Personal information
- Born: April 1, 1868 Columbus, Georgia, US
- Died: January 1, 1943 (aged 74) Chelsea, London, England
- Height: 5 ft 10 in (178 cm)
- Weight: Middleweight

Boxing career
- Stance: Orthodox

Boxing record
- Total fights: 114
- Wins: 68
- Win by KO: 42
- Losses: 36
- Draws: 9

= Frank Craig =

American boxer

Frank Craig (April 1, 1868 - January 1, 1943) was an American boxer who was the colored middleweight champion of the world in the Gay Nineties.
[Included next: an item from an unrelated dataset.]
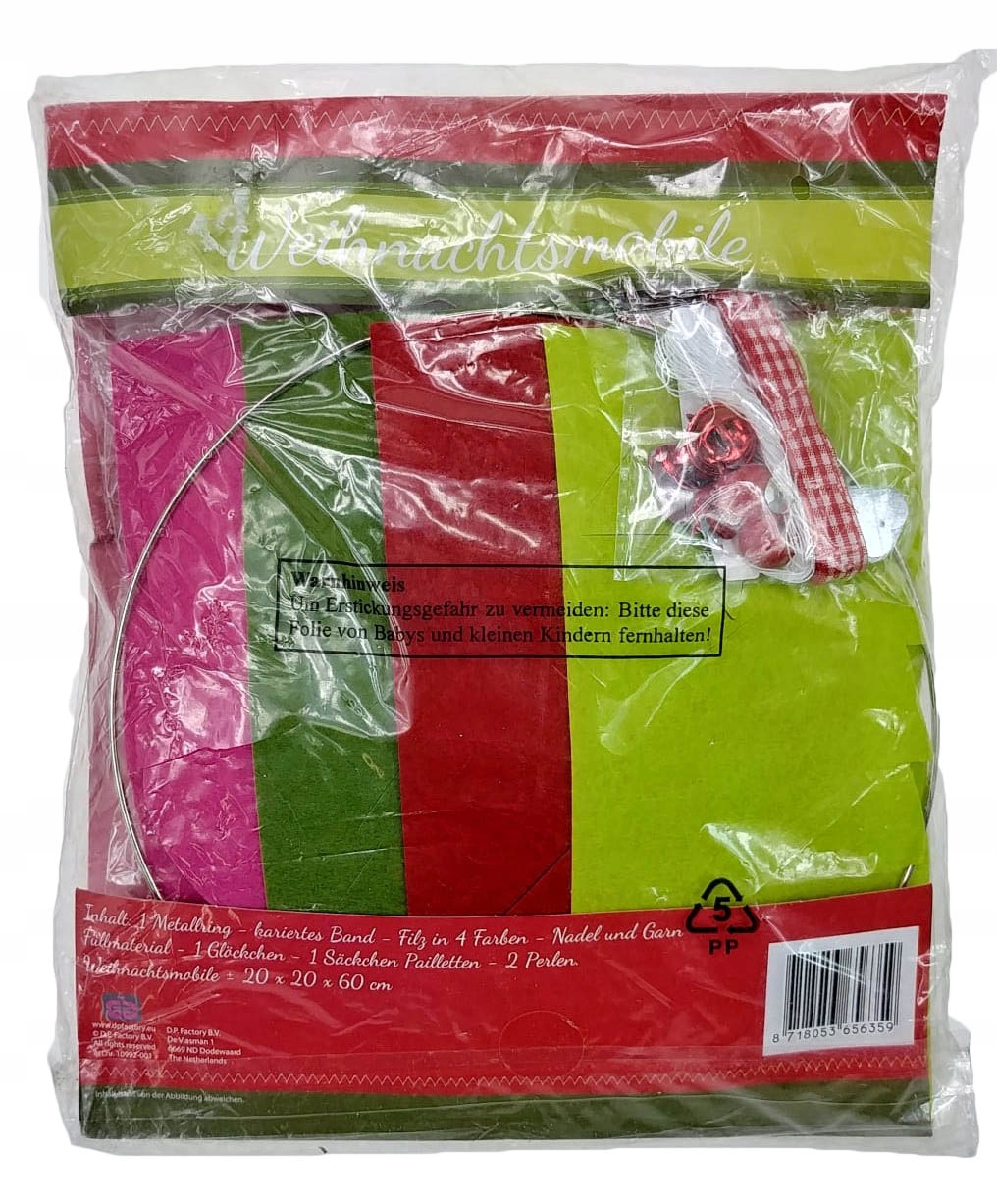 - до набору входить: металеве кільце діаметром 20 см, картаті декоративні стрічки, фетрові шаблони 4 кольорів, голка та пряжа, дзвіночок, кульки, наповнювач для декорацій,

The 5′10" Craig fought at a weight of between 153 and 169 lbs. as a middleweight and light-heavyweight during his career. Known as "The Harlem Coffee Cooler", Craig was regarded as a smart and quick fighter. He later worked in Britain as a stage entertainer.

==Early life==
Craig was born in Columbus, Georgia on April Fool's Day 1868 (some sources claim he was born on April 1, 1870 in New York City while other sources put his birthplace as Columbus, Ohio). From the age of 13 he gave exhibitions of boxing at fairs and in halls, before turning professional.
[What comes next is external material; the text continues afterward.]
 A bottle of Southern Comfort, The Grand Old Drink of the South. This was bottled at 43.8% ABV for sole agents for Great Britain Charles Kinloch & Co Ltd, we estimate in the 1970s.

He gained the nickname "The Coffee Cooler" following an incident in a restaurant when a local fighter, Bully Singleton, who had ordered a cup of coffee, began hectoring Craig and invited him to fight in the adjoining alleyway. Craig called his bluff, went into the alley, and Singleton told the restaurant patrons that the coffee would still be hot when he returned. However, Craig quickly knocked Singleton out, Craig commenting that "the coffee will be cool enough when he gets round to drinking it".

==Colored Championship==
Craig fought colored middleweight champ Joe Butler on March 18, 1893 in Philadelphia and was defeated in the second round. The two met again in a title match in Philadelphia on February 20, 1894 in Philadelphia, and this time, Craig emerged the victor, winning in the fourth round.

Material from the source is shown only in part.